Food and drink packaging is one of the key sources of household waste, but, as we uncover in Material Far Futures, pioneers are creating new solutions with smarter, stronger and less ecologically damaging alternatives.

This online reading group counters isolation in China

China – An online reading programme, Shanghai Book Fair, has been set up to ease the isolating effects of coronavirus (Covid-19) among Chinese nationals.

The programme is accessible online every day between 8:00pm and 9:00pm, and aims to break down social distance – exploring topics such as health, art, family, science and education. With many Chinese consumers experiencing feelings of fear amid the global epidemic, the platform hopes to ease worry and create connections.

‘We hope this programme can break the isolation between people during the epidemic outbreak and promote a positive lifestyle through online reading and culture sharing,’ says Xu Jiong, deputy director of the city’s publicity department. ‘It can allow residents to enjoy a high-quality and wide variety of cultural services at home.’

Amid global uncertainty surrounding coronavirus, there is an opportunity for brands to take a stand against distrust, disconnection and disenfranchisement. For more, read our macrotrend, The Dislocated World.

Love Reading Love Life by Shanghai Book Fair, Asia Love Reading Love Life by Shanghai Book Fair, Asia

Stat: Consumers are looking to travel to build resilience

A global study by Four Seasons Hotels and Resorts has found that 95% of travellers agree that travel is an opportunity to challenge themselves physically or mentally. The survey, which supports the hospitality brand’s Take Your Time initiative, examines the personal benefits of travel, such as taking risks.

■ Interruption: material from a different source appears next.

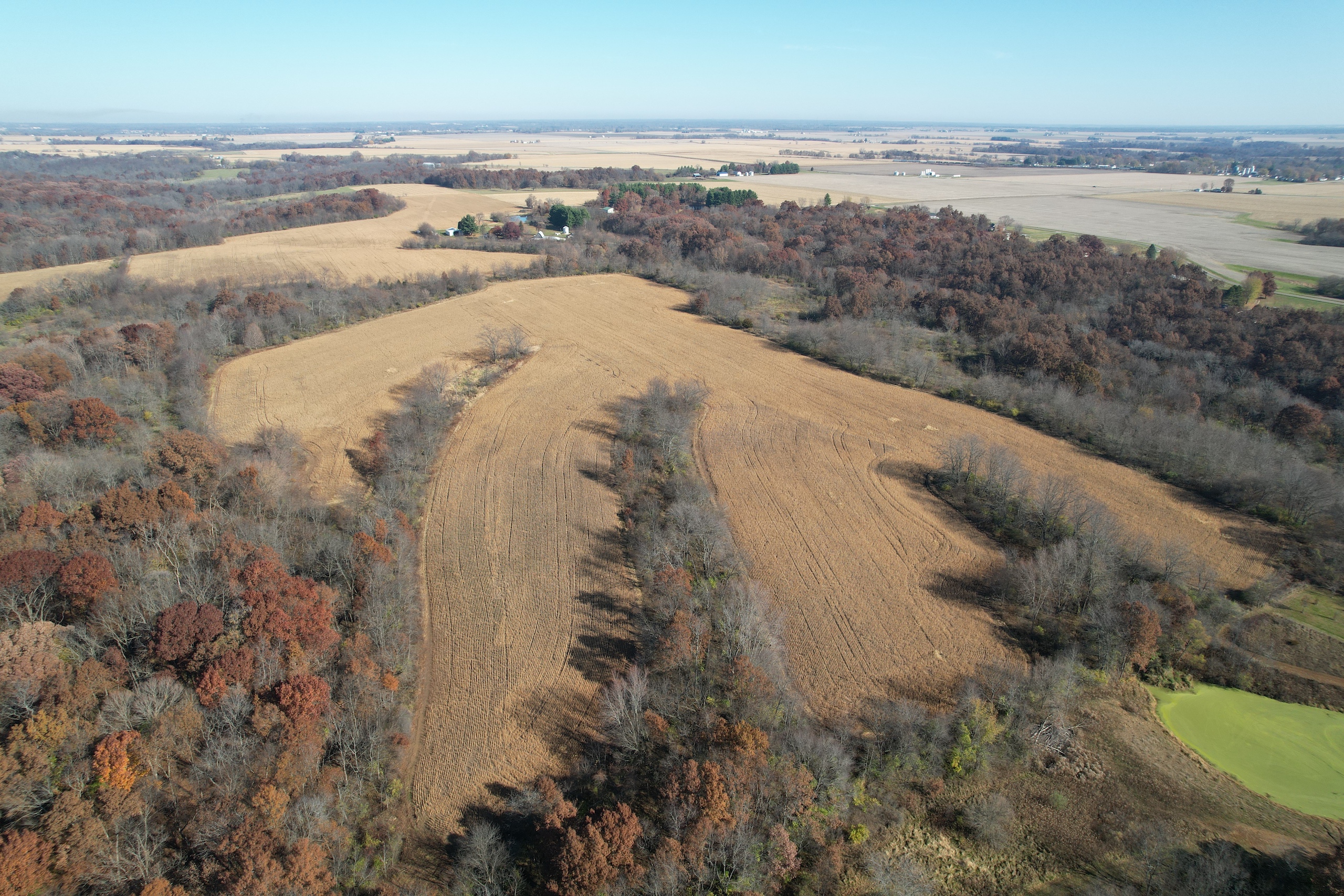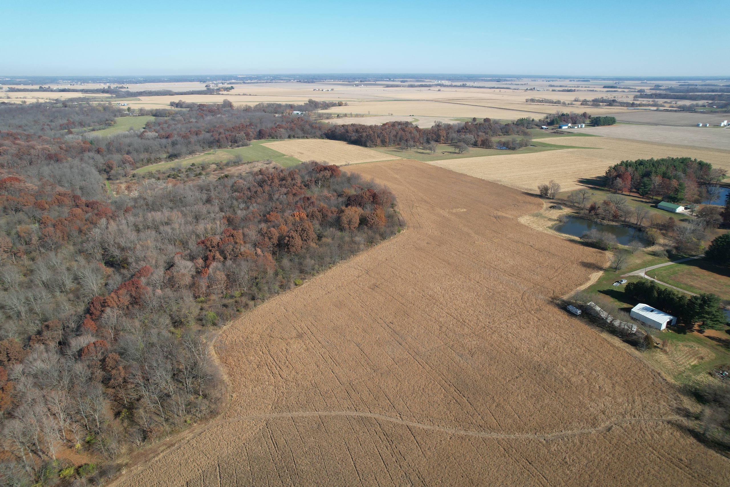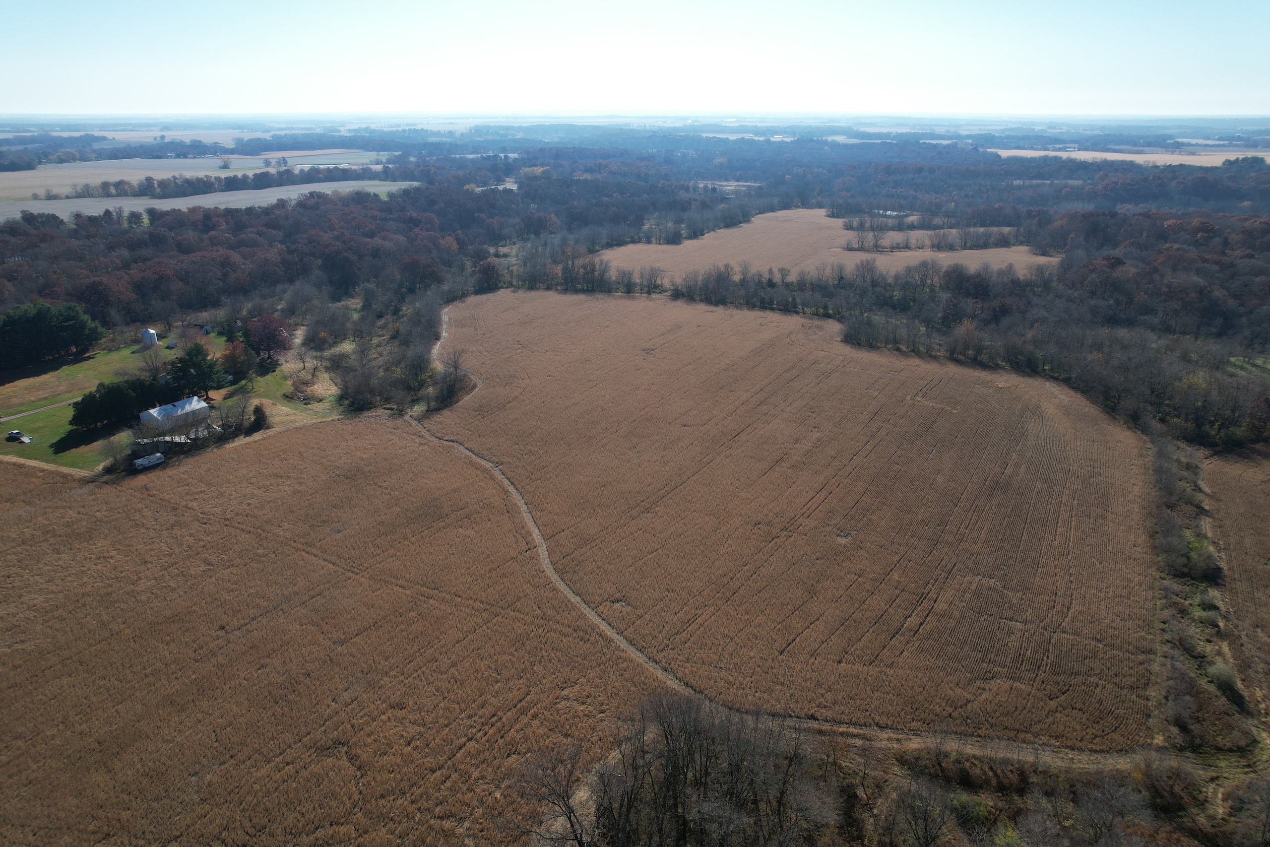 Tract 5 is 40.03 +/- acres and hosts many possibilities from tillable production acres, exceptional hunting opportunities, and a prime building location. There are approximately 16.4 acres tillable with an average PI of 126.4! A pond is located at the entrance to the farm and access is along the entire south end of the property. This tract has a nice roll and there is an established ATV trail that gets you to the creek that runs along the west side of the property. This parcel would make an ideal building site where you could enjoy the views and watch the wildlife out of your windows!

For example, one third of respondents reported doing something on holiday that they didn’t realise they could, while in the UK, 38% of respondents said they have a greater ability to manage stress following time spent on holiday. ‘Today’s travellers are seeking purpose through authentic experiences, returning home with a different understanding of the world around them,’ says Christian Clerc, president of global operations at Four Seasons.

As consumers seek to break out of safe spaces and comfort zones, the travel sector is evolving in line with Resilience Culture.